13 ねえ、知ってる? 太陽はね、いつもあなたの頭の上で、ずっと輝いているんだよ?
ねえ、知ってる? 太陽はね、いつもあなたの頭の上で、ずっと輝いているんだよ?
しばらくすると、こんこん、という音がまた聞こえてきた。
扉が開いて、そこからさっき病室を出て行ったばかりの冬子さんが顔を出した。
「おはよう、瞳ちゃん」
「おはようございます。秋子さん」
瞳の言葉を聞いて、僕はその女性が冬子さんではなくて秋子さんだということがわかった。秋子さんは瞳だけでなく、僕にもとても優しい表情を向けてくれたので、確かにこの人は秋子さんなのだろう。秋子さんはその手におぼんを持っていた。秋子さんは病室の中に入ってくると、そのおぼんの上にのっていたお皿を机の上に丁寧な仕草で置いていった。
パンが二つ乗っているお皿。そのパンにつけるためのジャムとバターが一つずつ。白い湯気の出ている暖かい野菜のスープ。温野菜のサラダ。美味しそうなミートボール。そしてミルクの瓶が二つ(これは一つは真白の分だった)と透明なガラスのコップが一つ、そしてからっぽのお皿が一つ。

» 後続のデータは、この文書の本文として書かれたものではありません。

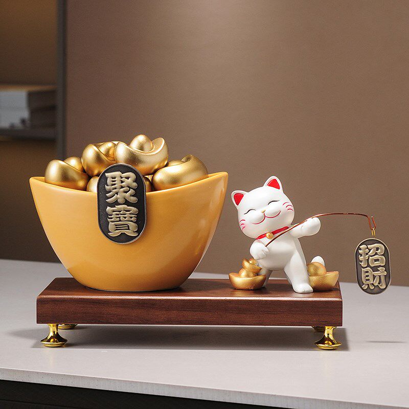 日进斗金摆件元宝招财猫装饰客厅办公室酒柜高档乔迁新居开业礼物

それらはどうやら瞳と僕の食事のようだった(その食事を見て、まるで小学校の給食のようだと僕は思った)。秋子さんはそれらを机の上に並べ終わると床の上に置かれたままになっていたミルクの空き瓶と空っぽのお皿を手にとってそれをおぼんの上にのせた。
「大麦先生、猫ちゃんと友達になっていいって許可してくれた?」
「はい。許可してくれました」
「うん。よかったね、瞳ちゃん」
「はい。ありがとうございます。秋子さん」
そんな会話を終えると、秋子さんは笑い、僕の頭を一度撫でてから、瞳の病室を出て行った。秋子さんがいなくなると、瞳はベットからスリッパの上に降りてそれを履いた。そして机の前まで移動して小さな丸椅子の上に腰を下ろした。僕は机の上の空いている空間目掛けてジャンプをした。多少、食器が揺れたが、問題なく僕は机の上に飛び移ることができた。場所はちょうど瞳の反対側になる。瞳は僕が落ち着くのを見て、ミルクの瓶を開け、それを空っぽのお皿の中に注いでくれた。